In my opinion, there is no criticism of the app and the founders' plans – our healthcare system urgently needs digital solutions in order to be able to work better, to remain internationally competitive (or better, to become competitive again!) and to help doctors like founder Ira Stoll Maintaining joy in the job.
But it is precisely the current system that could put obstacles in the way of myScribe or at least slow down its growth. Now it gets a little technical: In order for myScribe to be able to communicate with the existing HIS, i.e. to extract data from it and return it, the hospital needs the modern interoperability standard FHIR (pronounced like “fire”, stands for Fast Healthcare Interoperability Resources).
This is set to become the new standard in Germany and has already established itself in the USA. With FHIR, outdated data exchange technologies would finally be a thing of the past.
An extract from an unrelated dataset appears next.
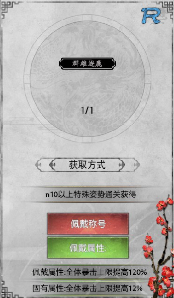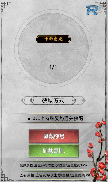 这几个隐藏成就的固有属性也就一般,因此推荐只完成赌怪和把酒临风即可,后续等金砖富裕了在考虑完成。

But it is not yet clear whether and, above all, when FHIR will be able to establish itself nationwide. (As usual, it's about data protection, among other things.) Ira Stoll hopes that this will happen. A conversation with Federal Health Minister Karl Lauterbach was already positive.
So myScribe, the start-up app, only “speaks” FHIR – is that a good thing? The renowned Fraunhofer Institute is also working on an AI for doctor's letters, but it does not rely on FHIR. However, there seem to be even more weak points here. The Fraunhofer AI collects all the information using “text mining”, but the doctor still has to write the epicrisis. Well so what!
Otherwise, the only thing that gives me pause is myScribe's pricing model, which is supposed to work according to the pay-per-use principle, i.e. it charges for each doctor's letter created. However, practical use will have to show whether this is user-friendly in the long term.
Conclusion: myScribe from Mannheim
Around 200,000 people work in the medical service at German hospitals. If, as promised by myScribe, they were able to save around three hours a day thanks to AI, this would benefit many: the patients, who would receive more attention, and the doctors, who would find more joy in their job again with less documentation effort. Ira Stoll herself says that she can imagine working as a doctor again, but of course only if the clinic uses myScribe.
The success story of the young company so far, which was only founded at the beginning of 2023, gives cause for optimism and points to a promising future: myScribe has already won several start-up awards, including the mexi, the Mannheim business start-up award, and second place at the German Medical Award . The company is also close to completing a seed financing round worth millions.
One hospital has already successfully implemented myScribe. The app will be further improved and expanded in close collaboration with the doctors there. Many more are expected to follow this year and next – the Hospital Future Act, which has existed since 2020 and which makes the implementation of myScribe for clinics fully eligible for funding, will certainly help.
It remains to be seen how long the healthcare system in this country will be “FHIR-ready” in order to successfully integrate apps like myScribe and other useful software applications in hospitals. With all the requirements and guidelines that need to be met, this currently seems to be a mammoth task. The law to accelerate the digitalization of the healthcare system passed in December 2023 is definitely a big step in the right direction.